It is still unclear how you can search for a 10-second snippet picked at any location from this audio signal.

// search query
byte[] query = {1,2,3,4,5,6...} // length of the array 10 * 5512 = 55,120 elements.


Even if you correctly align the query snippet in the original file, element by element comparison will not work. It is enough to increase the “loudness” in the query snippet by any factor, say 1.25x, and all your array values in the query will increase by the same factor - 1.25x. As expected, Audio Fingerprinting algorithms should be resilient to sound intensity increase or decrease, as well as noise.

All audio fingerprinting algorithms handle this challenge by treating the sound as a spectrum of frequencies. Sound is a pressure wave conveyed through some medium like air or water2. Two tones are similar if the wave that describes them is similar. The content of an audio signal array is just a discrete version of that wave. If we are sampling at 5512Hz, we describe each second of the sound with 5512 samples.

To better understand how discretization works, see how it works for yourself.

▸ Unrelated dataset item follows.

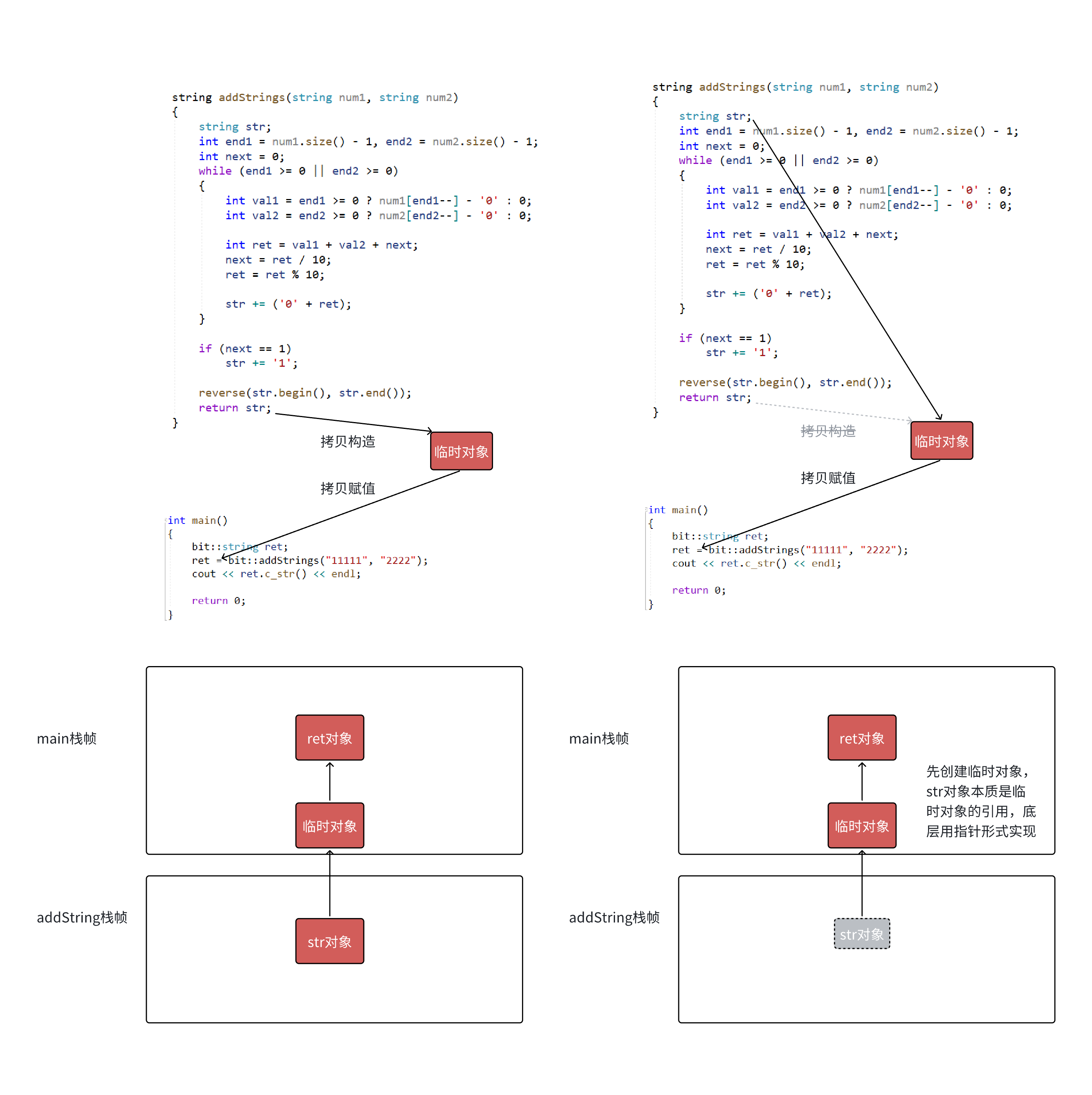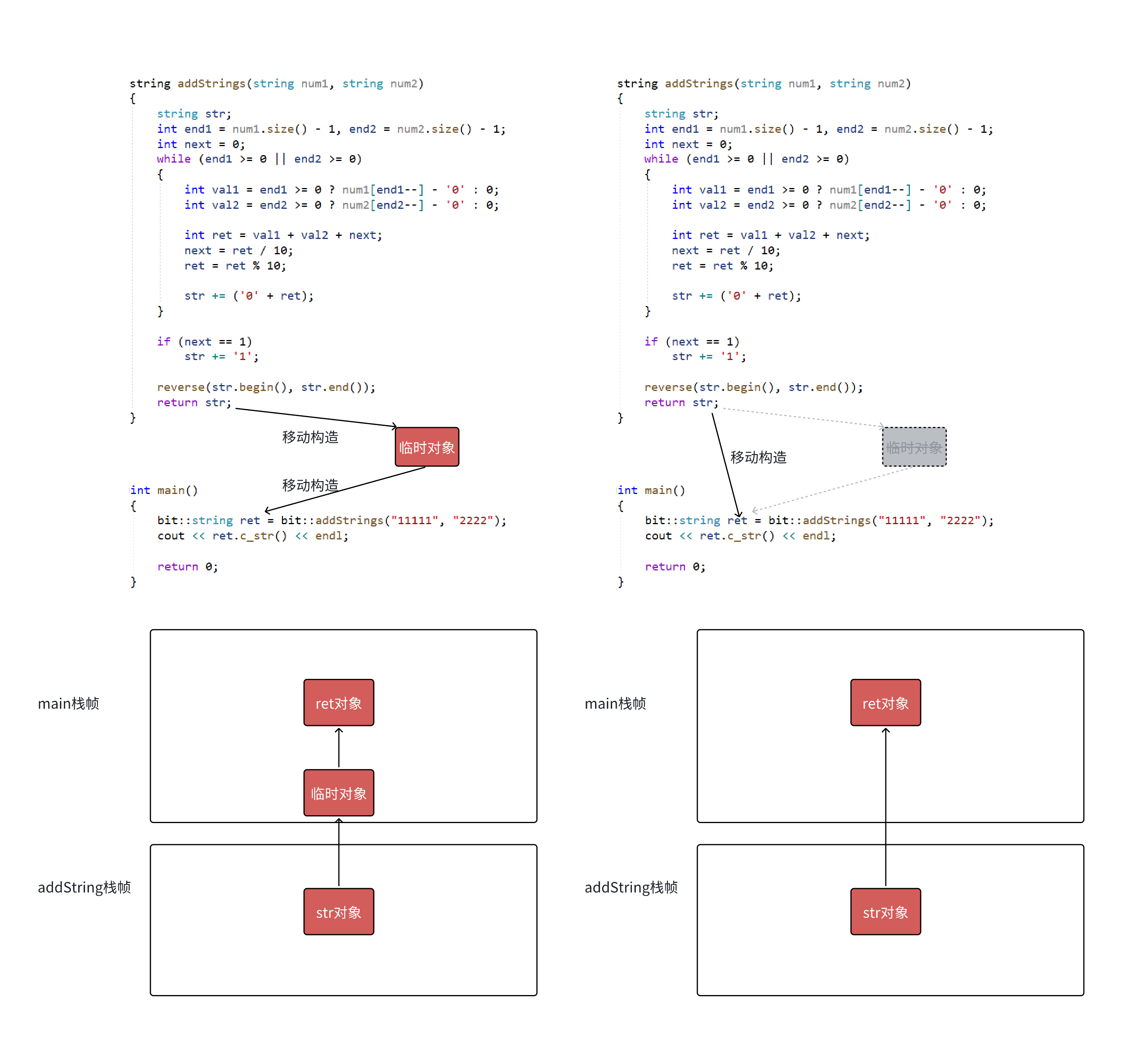 - 需要注意的是在vs2019的release和vs2022的debug和release,下面代码优化为非常恐怖,会直接将str对象的构造,str拷贝构造临时对象,临时对象拷贝构造ret对象,合三为一,变为直接构造。要理解这个优化要结合局部对象生命周期和栈帧的角度理解。

Figure 2. Sample a 1Hz wave at 10Hz rate

The graph shows how 1 second of an audio signal is sampled in 10 points. Technically, we sampled the signal at 10Hz rate. The signal itself is just a pure tone since it is composed only of one function: $sin(x)$. Notice how the sinusoid completed 1 full cycle in 1 second on the y-axis. It means that the sound wave vibrates with a frequency of 1Hz.

The file that you would like to fingerprint can be sampled at any rate, SoundFingerprinting will downsample it to 5512Hz. We didn’t pick 5512Hz at random. Within a discretization rate of 5512Hz, according to Nyquist–Shannon theorem, we will be able to capture frequencies from 0 to 2756Hz. The theorem states that for a given sample rate $f_{s}$ perfect reconstruction is guaranteed possible for a band limit $B<f_{s}/2$.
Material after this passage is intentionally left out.